"""

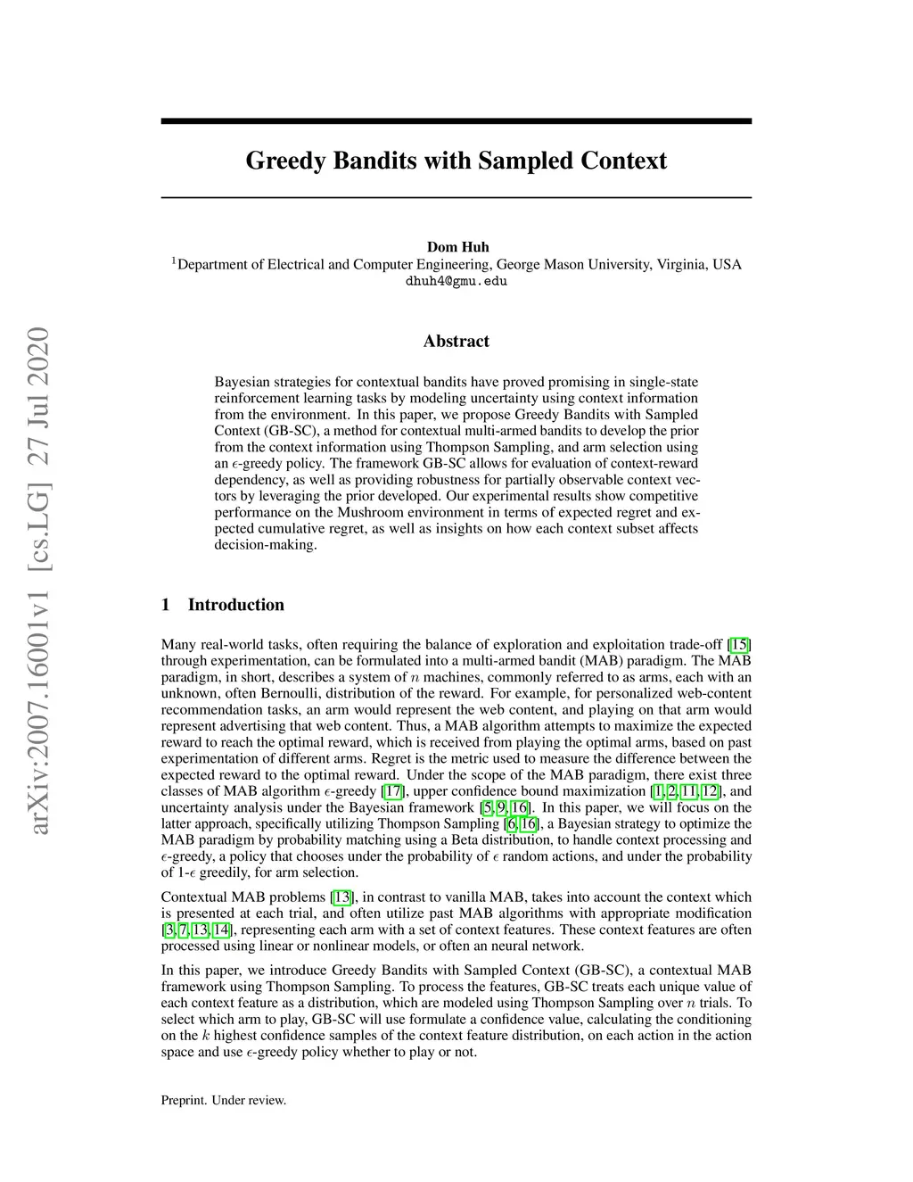 Bayesian strategies for contextual bandits have proved promising in single-state reinforcement learning tasks by modeling uncertainty using context information from the environment. In this paper, we propose Greedy Bandits with Sampled Context (GB-SC), a method for contextual multi-armed bandits to develop the prior from the context information using Thompson Sampling, and arm selection using an epsilon-greedy policy. The framework GB-SC allows for evaluation of context-reward dependency, as well as providing robustness for partially observable context vectors by leveraging the prior developed. Our experimental results show competitive performance on the Mushroom environment in terms of expected regret and expected cumulative regret, as well as insights on how each context subset affects decision-making.
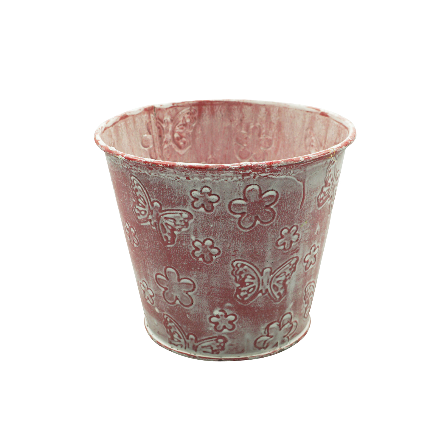 Zinktopf rosa/weiß mit Schmetterlingen Ø12cm 1Stk
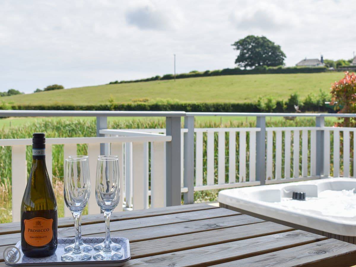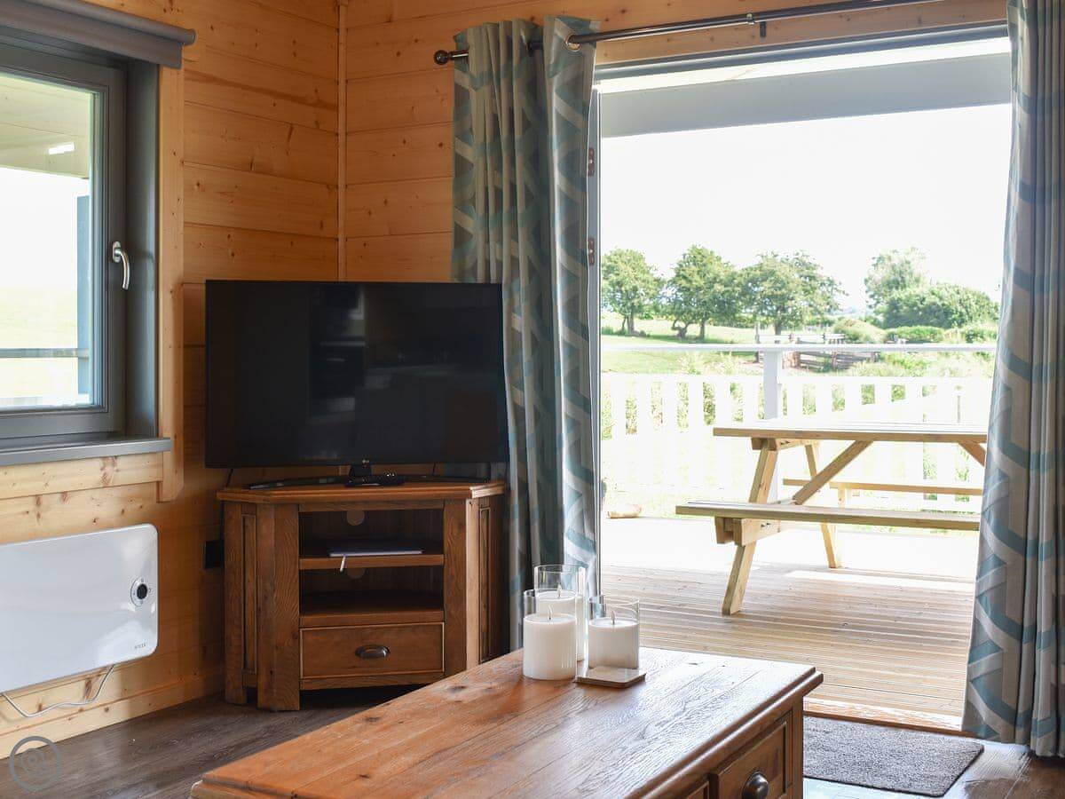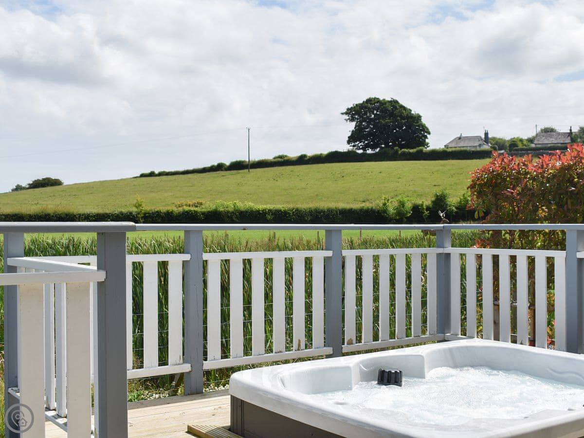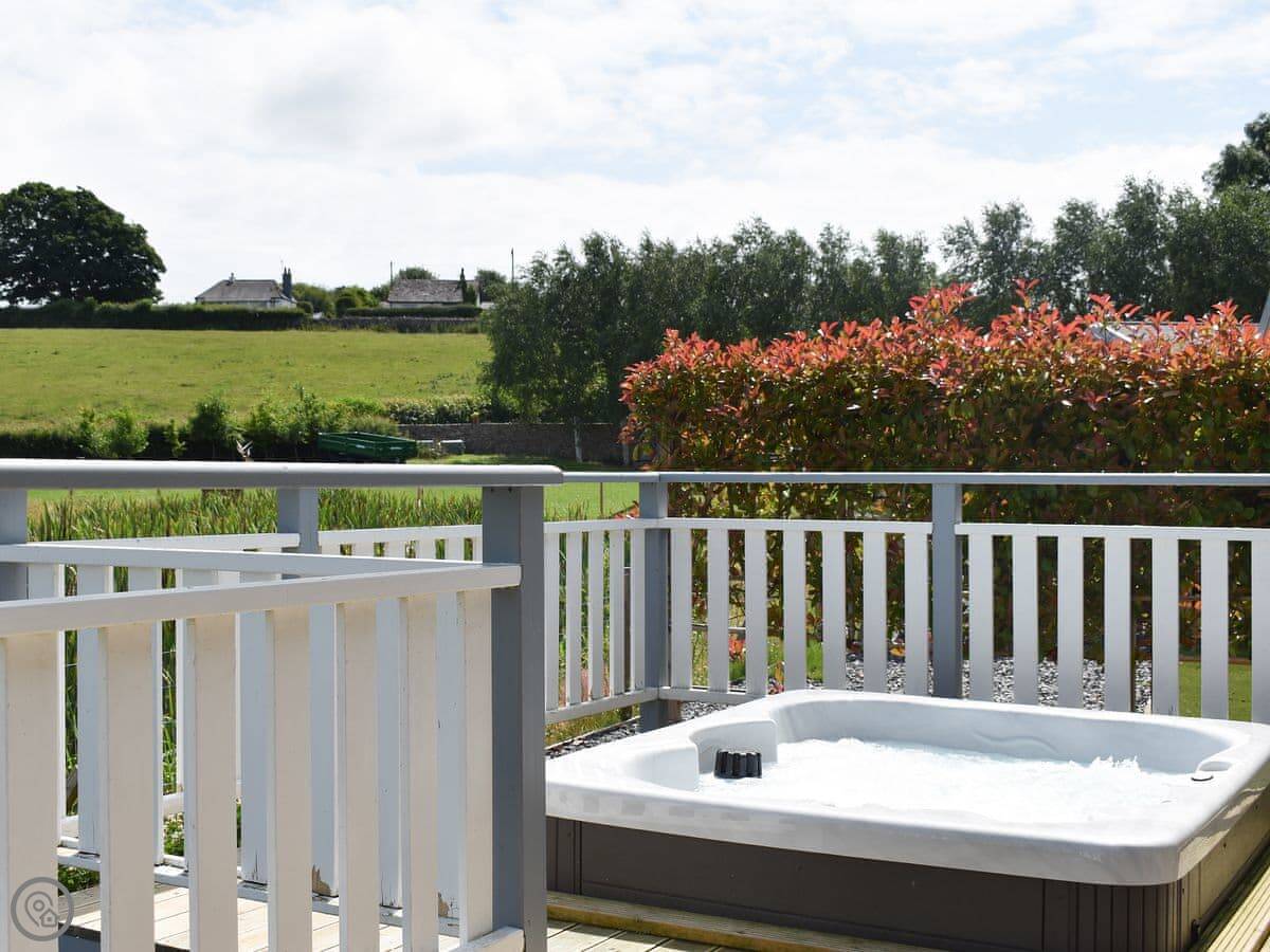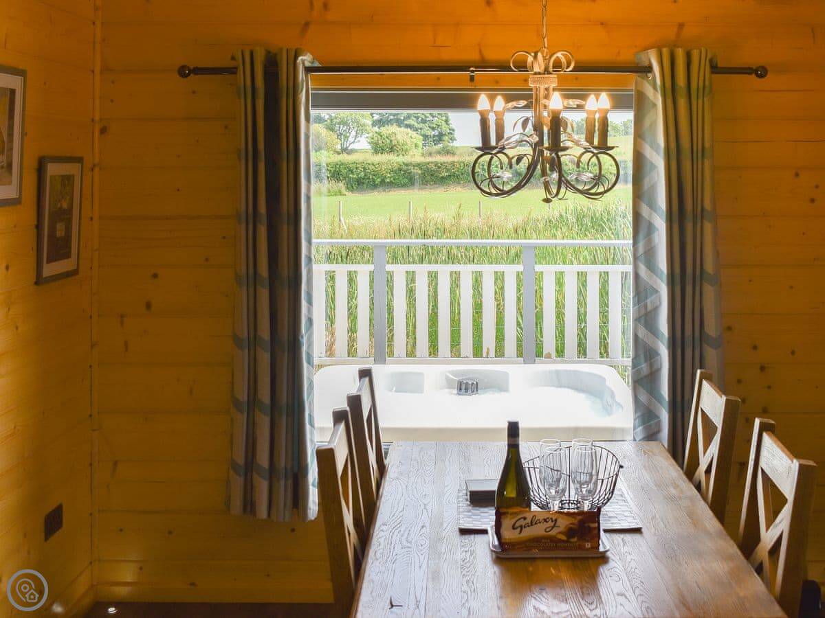 Each lodge has its own terrace and a private hot tub. They look out over the landscaped gardens.
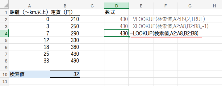 「33」は32を超えてしまった、NG!じゃあ、一つ手前の「25」の行が正解だな!と判断し、その行の2列目にある「430」を返してくれるのです。
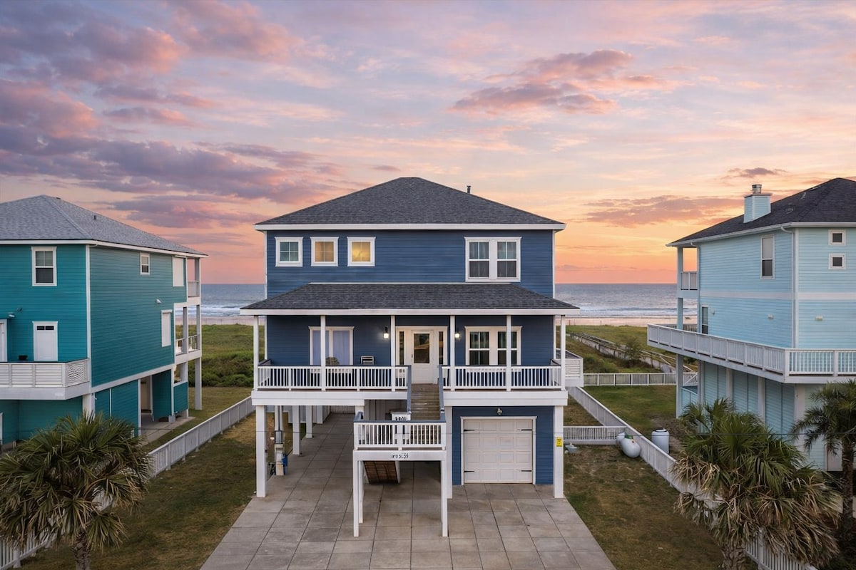 Casa Courageous is located in a quiet beachfront neighborhood on Galveston's West End. There is direct beach access with a 1 min walk over the pedestrian bridge to the water. The beach is closed to vehicles, providing a safe, calm environment for your group to explore. This renovated home has been transformed into a modern beachfront oasis that design lovers will appreciate, with wraparound balconies that provide unobstructed ocean views from both sides of the house.
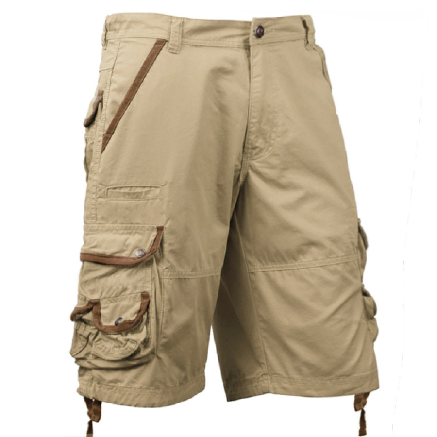 tactical shorts,men's retro color contrast multi-pocket tactical cargo shorts
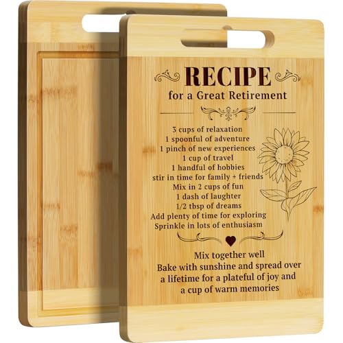 Kikcoin Retirement Gifts for Woman - Bamboo Cutting Boards for Kitchen, Retired Cutting Board Gift Leaving Job Gifts for Coworkers Happy Retirement Party Decorations, Large Cutting Board 13.8" X 9.8"
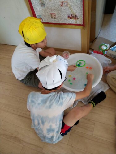 そうめん流し風のだがしながしやすいか割り、ふうせんはこびやヨーヨー釣りを楽しみました☆
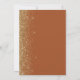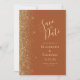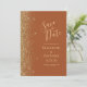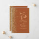 A borda esquerda deste elegante casamento moderno salve o cartão de data apresenta uma borda falsa dourada. O texto personalizável combina uma letra pálida de cor dourada, uma letra copperplate e uma letra itálico num fundo de terracota. O verso apresenta um terracotta e design dourado.
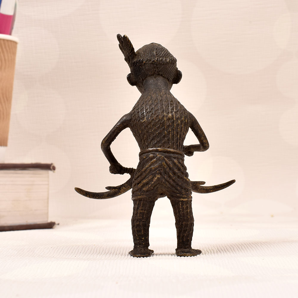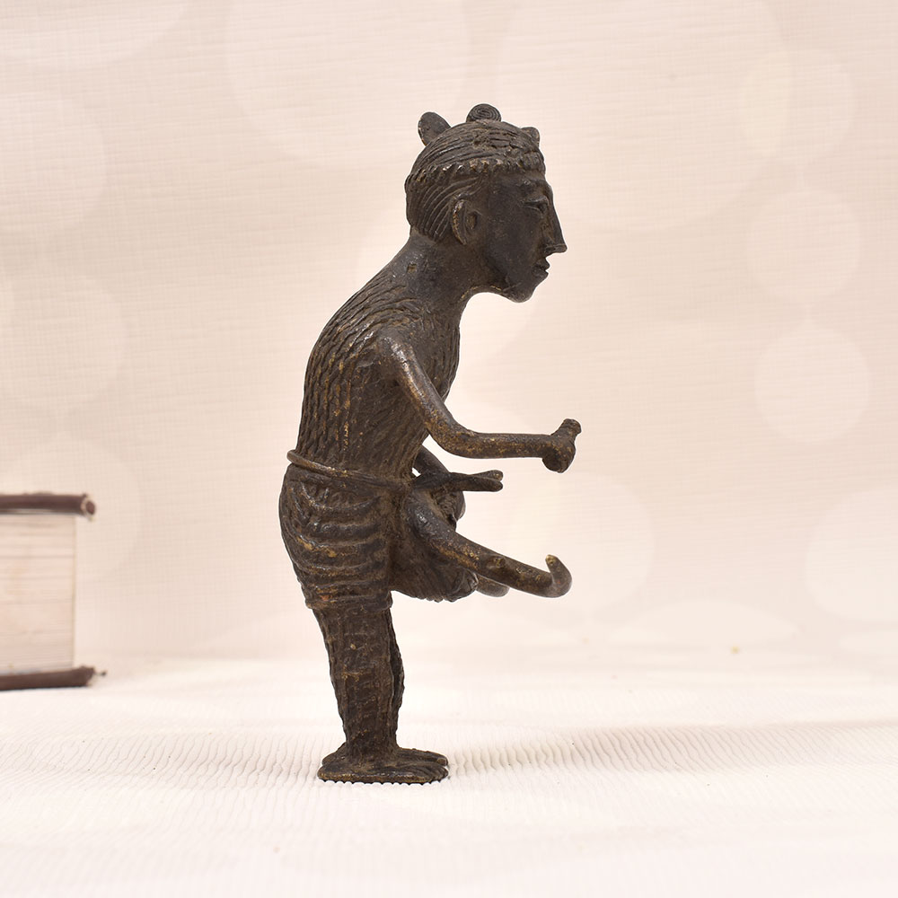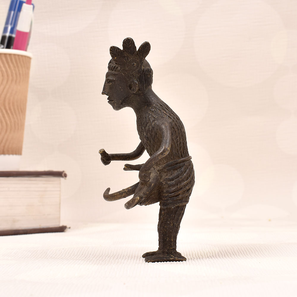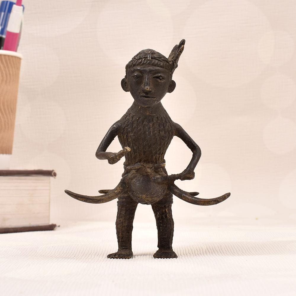 Hear the thunderous beat of the drum echoing through your living room with this stunning brass statue. Crafted with exquisite detail in the unique Naga Art style, this one-of-a-kind piece will transport you to the heart of a lively tribal celebration. This brass drum player statue is more than just a decorative accent - it's a work of functional art that will energize any room. Imagine its rhythmic presence livening up your home office, bringing an air of inspiration to your yoga studio, or igniting conversation at your next dinner party. The Naga people of Northeast India are renowned for their vibrant artistic traditions, and this statue captures their celebratory spirit. Display this piece to honor the rich cultural heritage of the Naga, and let its powerful, primal energy elevate your space. Whether you're a collector of tribal art or simply seeking a distinctive home decor piece, this brass drummer statue is sure to captivate all who behold it.

"""

Task statement
Output each record verbatim, but skip anything that is a picture.

Result
 Bayesian strategies for contextual bandits have proved promising in single-state reinforcement learning tasks by modeling uncertainty using context information from the environment. In this paper, we propose Greedy Bandits with Sampled Context (GB-SC), a method for contextual multi-armed bandits to develop the prior from the context information using Thompson Sampling, and arm selection using an epsilon-greedy policy. The framework GB-SC allows for evaluation of context-reward dependency, as well as providing robustness for partially observable context vectors by leveraging the prior developed. Our experimental results show competitive performance on the Mushroom environment in terms of expected regret and expected cumulative regret, as well as insights on how each context subset affects decision-making.
 Zinktopf rosa/weiß mit Schmetterlingen Ø12cm 1Stk
 Each lodge has its own terrace and a private hot tub. They look out over the landscaped gardens.
 「33」は32を超えてしまった、NG!じゃあ、一つ手前の「25」の行が正解だな!と判断し、その行の2列目にある「430」を返してくれるのです。
 Casa Courageous is located in a quiet beachfront neighborhood on Galveston's West End. There is direct beach access with a 1 min walk over the pedestrian bridge to the water. The beach is closed to vehicles, providing a safe, calm environment for your group to explore. This renovated home has been transformed into a modern beachfront oasis that design lovers will appreciate, with wraparound balconies that provide unobstructed ocean views from both sides of the house.
 tactical shorts,men's retro color contrast multi-pocket tactical cargo shorts
 Kikcoin Retirement Gifts for Woman - Bamboo Cutting Boards for Kitchen, Retired Cutting Board Gift Leaving Job Gifts for Coworkers Happy Retirement Party Decorations, Large Cutting Board 13.8" X 9.8"
 そうめん流し風のだがしながしやすいか割り、ふうせんはこびやヨーヨー釣りを楽しみました☆
 A borda esquerda deste elegante casamento moderno salve o cartão de data apresenta uma borda falsa dourada. O texto personalizável combina uma letra pálida de cor dourada, uma letra copperplate e uma letra itálico num fundo de terracota. O verso apresenta um terracotta e design dourado.
 Hear the thunderous beat of the drum echoing through your living room with this stunning brass statue. Crafted with exquisite detail in the unique Naga Art style, this one-of-a-kind piece will transport you to the heart of a lively tribal celebration. This brass drum player statue is more than just a decorative accent - it's a work of functional art that will energize any room. Imagine its rhythmic presence livening up your home office, bringing an air of inspiration to your yoga studio, or igniting conversation at your next dinner party. The Naga people of Northeast India are renowned for their vibrant artistic traditions, and this statue captures their celebratory spirit. Display this piece to honor the rich cultural heritage of the Naga, and let its powerful, primal energy elevate your space. Whether you're a collector of tribal art or simply seeking a distinctive home decor piece, this brass drummer statue is sure to captivate all who behold it.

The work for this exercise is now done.